I fractured my wrist whilst in France in January this year. Although I had my EHIC card with me I decided to simply pay on the spot and claim it back when I returned. I had no problems getting through on the phone when I returned and I was refunded in full without any problems. However the department dealing with refunds is massively snowed under and it took them about 3 months to make the payment but other than that no problems. Good luck and I hope your husband's injury is not too bad.


----------



## MrsW (Feb 8, 2009)

So sorry to hear about your hubby's accident. You shouldn't have pushed him so hard!

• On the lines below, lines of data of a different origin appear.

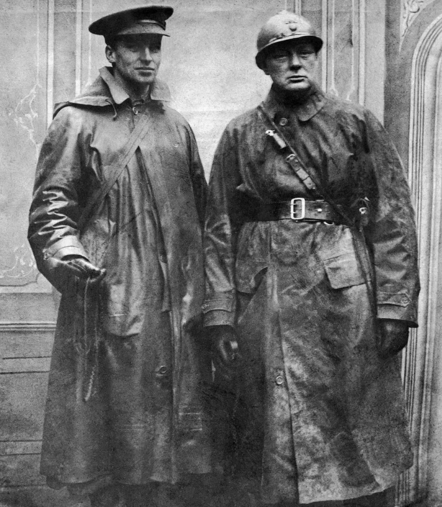 À droite, Winston Churchill en trench-coat, en mars 1916. -GETTY IMAGES-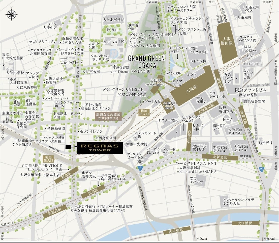 本物件が位置する場所は、大阪駅北地区にある再開発区域「うめきた2期区域」の西側にあるエリアで、通称「新梅田」と呼ばれています。最寄り駅であるJR大阪環状線「福島」駅より徒歩3分、JR「大阪」駅より徒歩10分、グラングリーン大阪の南街区まで徒歩圏で、進化を感じながら、ここでしか味わえない瞬間を享受できます。また、2025年には大阪・関西万博を控えており、今後さらに盛り上がりが期待される関西エリア・大阪の中心に本物件は誕生いたします。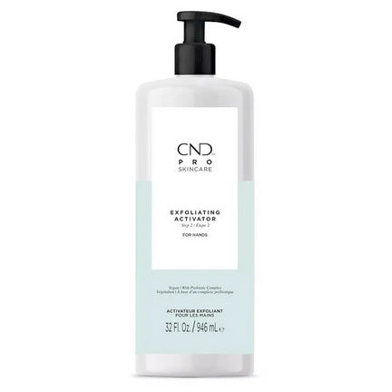 Step 2 of a reinvigorating prebiotic complex-enriched waterless hand exfoliation system that activates and dissolves exfoliating crystals for radiant, healthier-looking skin. Use after CND™ Pro Skincare Exfoliating Hand Scrub Step 1. Formulated with soothing natural origin aloe leaf. Refreshingly light cucumber scent.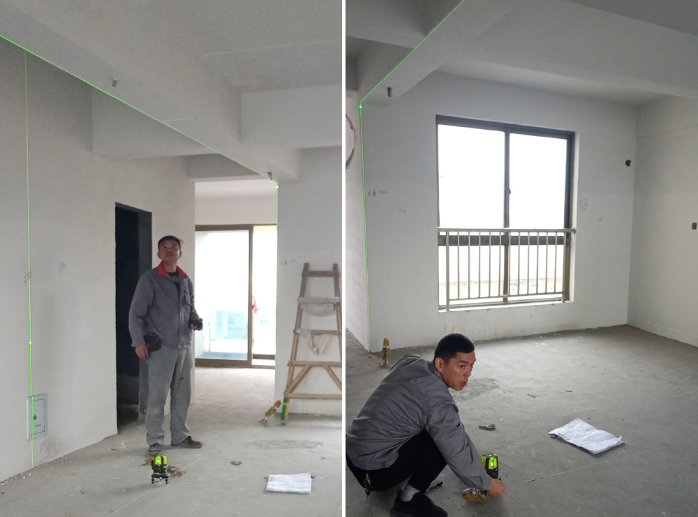 项目经理现场校准墙体位置

I have ordered EHIC's (new name for same card) from the website in the past but only to be sent to home for routine use. I would imagine you would need them sent direct to the hospital and imagine that is best done by talking directly to someone in the UK.

If you have travel insurance you may be able to get them to deal with it directly, otherwise think you need to bite the bullet and get back on the phone and sit in the queue.

Keep your reciepts to aid your rcovery of as many out of pocket expeses as you can get. I doubt if taxi fares will be covered, but they might be if you have a comprehensive insurance.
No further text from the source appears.